== GIVEN DATA
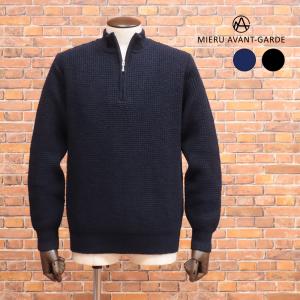 【期間限定ポイント10倍】秋冬 MIERU 長袖ニット 日本製 ハーフジップ ケーブル編み ウール100% セーター 上品 洗練 40代 50代 60代 メンズ 紳士 ミエル
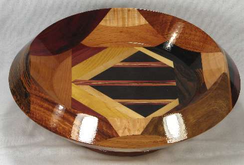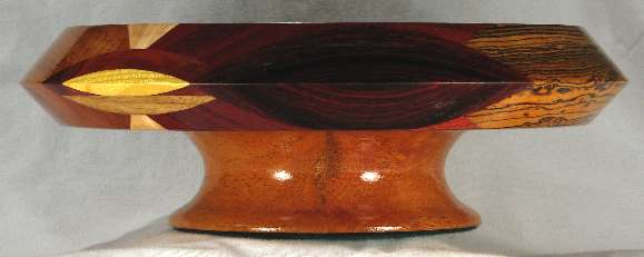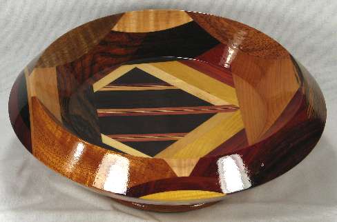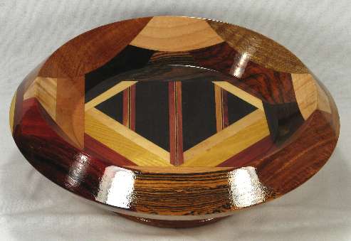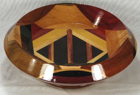 comments: The bloodwood in the upper right has outstandingly deep blood red color, the bocote at the top is excellent, the padauk wedges in the upper left and upper right are a terrific orange color. The base on this one is thicker (up/down) than in most of my bowls.
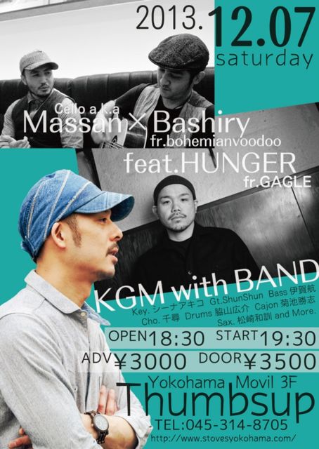 お見逃しなく! 12/7(土)横浜THUMBSUP「TROUBADOUR」 OPEN 18:30 LIVE START 19:30 ADV \3000/ DOOR \3500 LIVE: ・Cello a.k.a Massan×Bashiry(bohemianvoodoo) feat. HUNGER(GAGLE) ・KGM & BAND E.Gt: ShunShun/Key: シーナアキコ/Bass:伊賀航/Cajon: 菊池勝志/Sax: 松崎和訓/Drums: 脇山広介/Chorus:千尋 ご予約メールフォーム https://ssl.form-mailer.jp/fms/827d71db274244 ※前売料金でのご予約は6日までとなります お電話でのご予約&お問合せ Thumbsup 横浜市西区南幸2-1-22 相鉄Movil3F TEL 045-314-8705 ※お
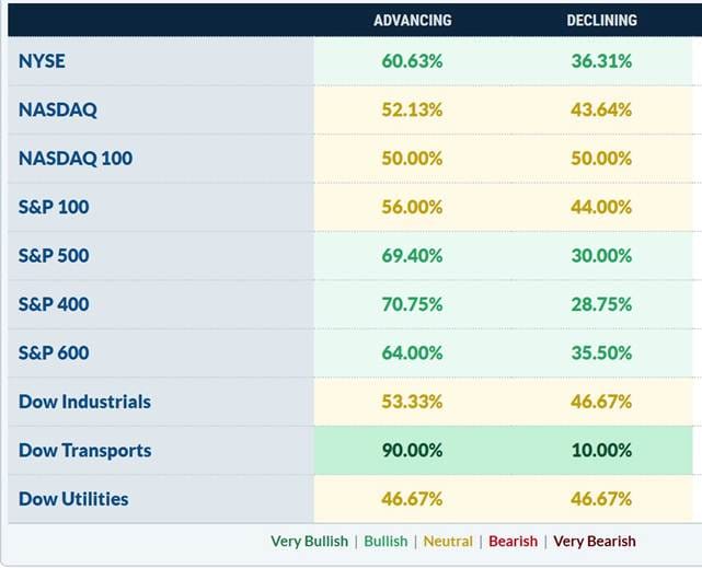 La amplitud de mercado fue el dato tranquilizador de la jornada. En el S&P 500, el 69,4% de los valores avanzó durante la sesión, dato que contrasta favorablemente con el −0,54% del índice ponderado. En la NYSE, el 60,6% de los valores cerró en positivo. El Dow Transports fue el índice más alcista del día con un +2,14%, con el 90% de sus componentes avanzando, señal de que la economía real sigue funcionando con normalidad.
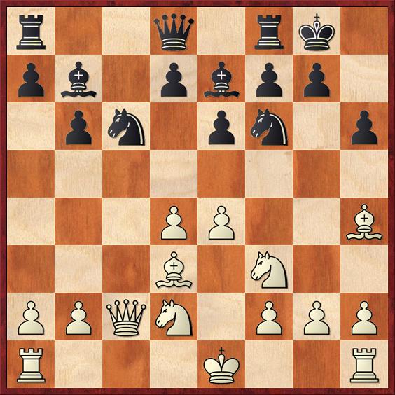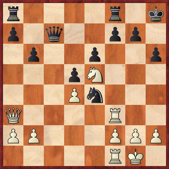 Schwarz hätte g5 g4 versuchen können 11.Sb3? Verrliert nicht nur einen Bauern, stellt den Springer auch auf ein schlechteres Feld, nach c5 kann er ja nicht. Außerdem tauscht Weiß nach S b4 seinen schönen Läufer auf d3. a3 war geboten. 11…Sb4 12.De2 Sxd3+ 13.Dxd3 Sxe4 14.Lxe7 Dxe7 15.0-0 Tfc8 16.Tac1 Sg5 17.Sbd2 Df6 18.Se5 d6 19.Sec4 La6 20.Da3 Lxc4 21.Sxc4 d5 22.Se5 Df4 23.Sc6 Kh8 Weiß hat sich gefangen, die weißen Figuren stehen etwas aktiver. 24.Tc3 Se4 25.Tf3 Dc7 26.Se5 Tf8
====
Could you repeat, exactly and with nothing added, the lines from the top of the entries above through the line that holds "La amplitud de", leaving out any pictures?

RESULT BELOW.
 【期間限定ポイント10倍】秋冬 MIERU 長袖ニット 日本製 ハーフジップ ケーブル編み ウール100% セーター 上品 洗練 40代 50代 60代 メンズ 紳士 ミエル
 comments: The bloodwood in the upper right has outstandingly deep blood red color, the bocote at the top is excellent, the padauk wedges in the upper left and upper right are a terrific orange color. The base on this one is thicker (up/down) than in most of my bowls.
 お見逃しなく! 12/7(土)横浜THUMBSUP「TROUBADOUR」 OPEN 18:30 LIVE START 19:30 ADV \3000/ DOOR \3500 LIVE: ・Cello a.k.a Massan×Bashiry(bohemianvoodoo) feat. HUNGER(GAGLE) ・KGM & BAND E.Gt: ShunShun/Key: シーナアキコ/Bass:伊賀航/Cajon: 菊池勝志/Sax: 松崎和訓/Drums: 脇山広介/Chorus:千尋 ご予約メールフォーム https://ssl.form-mailer.jp/fms/827d71db274244 ※前売料金でのご予約は6日までとなります お電話でのご予約&お問合せ Thumbsup 横浜市西区南幸2-1-22 相鉄Movil3F TEL 045-314-8705 ※お
 La amplitud de mercado fue el dato tranquilizador de la jornada. En el S&P 500, el 69,4% de los valores avanzó durante la sesión, dato que contrasta favorablemente con el −0,54% del índice ponderado. En la NYSE, el 60,6% de los valores cerró en positivo. El Dow Transports fue el índice más alcista del día con un +2,14%, con el 90% de sus componentes avanzando, señal de que la economía real sigue funcionando con normalidad.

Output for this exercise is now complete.